======== DATASET ENTRIES ========
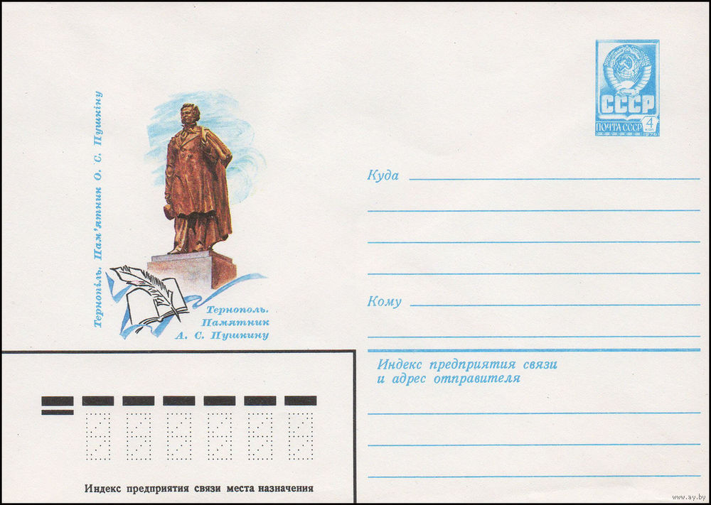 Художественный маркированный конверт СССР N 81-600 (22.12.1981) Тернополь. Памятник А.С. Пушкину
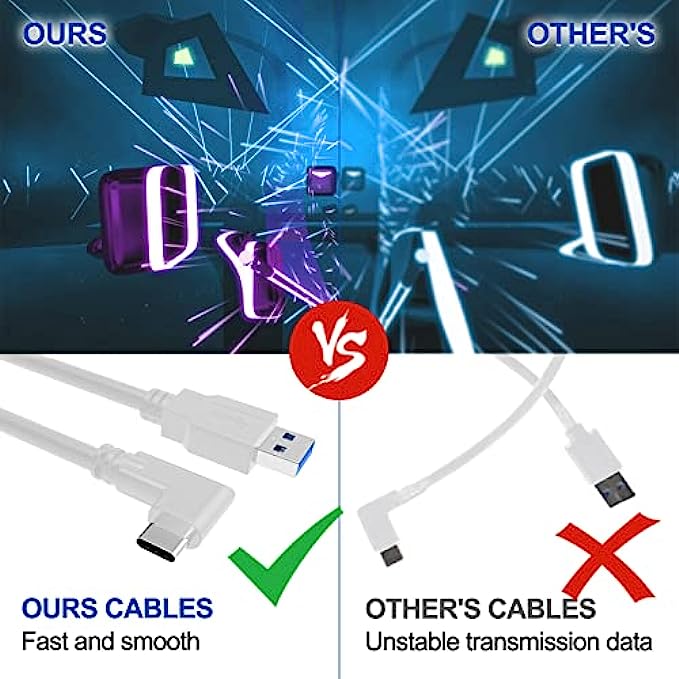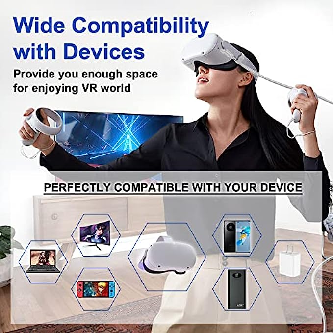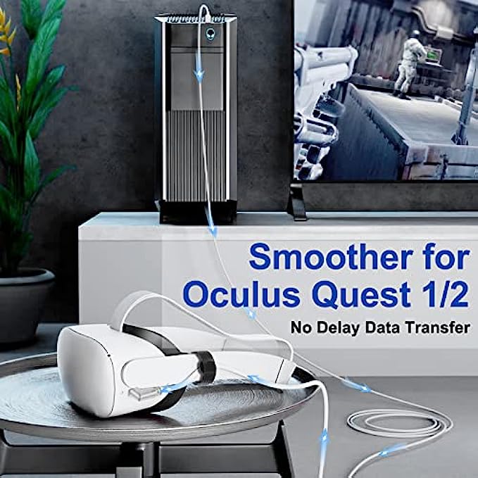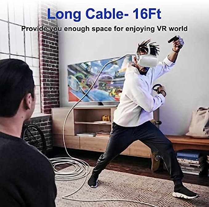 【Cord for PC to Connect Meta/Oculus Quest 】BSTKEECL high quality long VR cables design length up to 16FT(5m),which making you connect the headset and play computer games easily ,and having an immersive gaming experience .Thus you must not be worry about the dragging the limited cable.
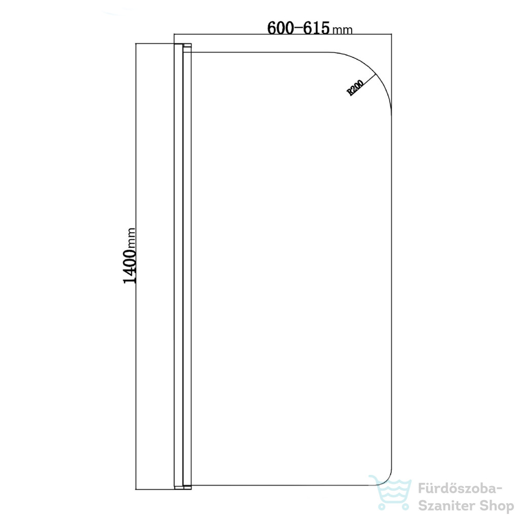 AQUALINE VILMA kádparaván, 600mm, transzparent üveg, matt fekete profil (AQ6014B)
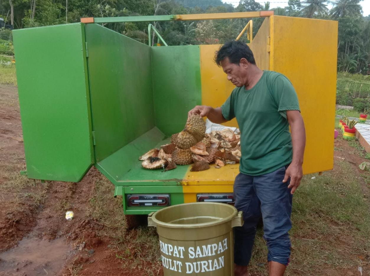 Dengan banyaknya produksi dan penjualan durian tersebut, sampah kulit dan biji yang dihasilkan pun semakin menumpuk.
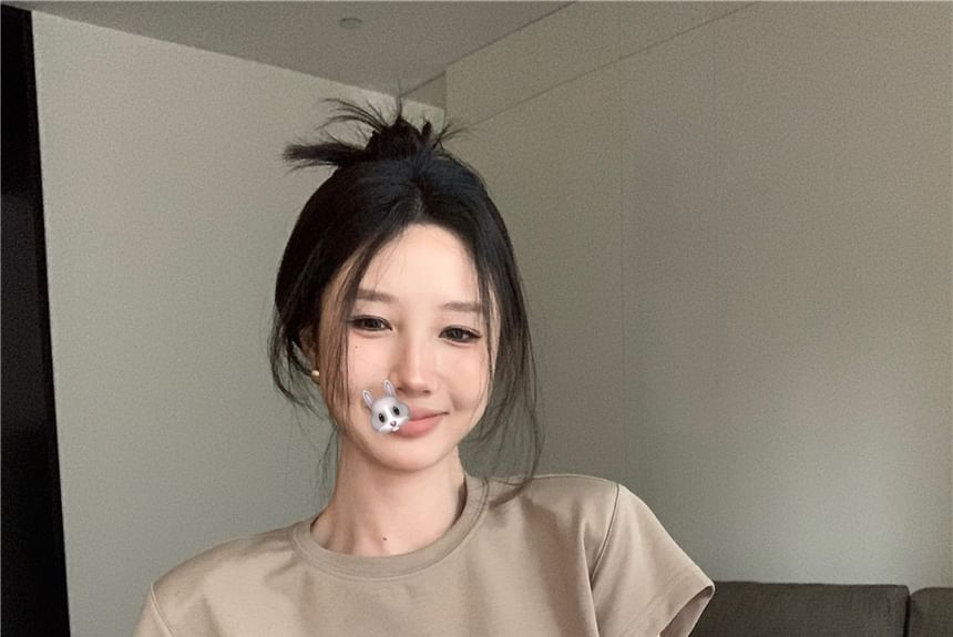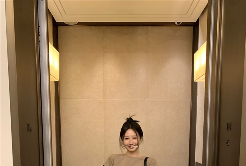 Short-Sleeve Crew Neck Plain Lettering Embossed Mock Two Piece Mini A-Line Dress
========
= WHAT IS NEEDED =
Copy all entries exactly; skip pictures.

= SOLUTION TO THE EXERCISE =
 Художественный маркированный конверт СССР N 81-600 (22.12.1981) Тернополь. Памятник А.С. Пушкину
 【Cord for PC to Connect Meta/Oculus Quest 】BSTKEECL high quality long VR cables design length up to 16FT(5m),which making you connect the headset and play computer games easily ,and having an immersive gaming experience .Thus you must not be worry about the dragging the limited cable.
 AQUALINE VILMA kádparaván, 600mm, transzparent üveg, matt fekete profil (AQ6014B)
 Dengan banyaknya produksi dan penjualan durian tersebut, sampah kulit dan biji yang dihasilkan pun semakin menumpuk.
 Short-Sleeve Crew Neck Plain Lettering Embossed Mock Two Piece Mini A-Line Dress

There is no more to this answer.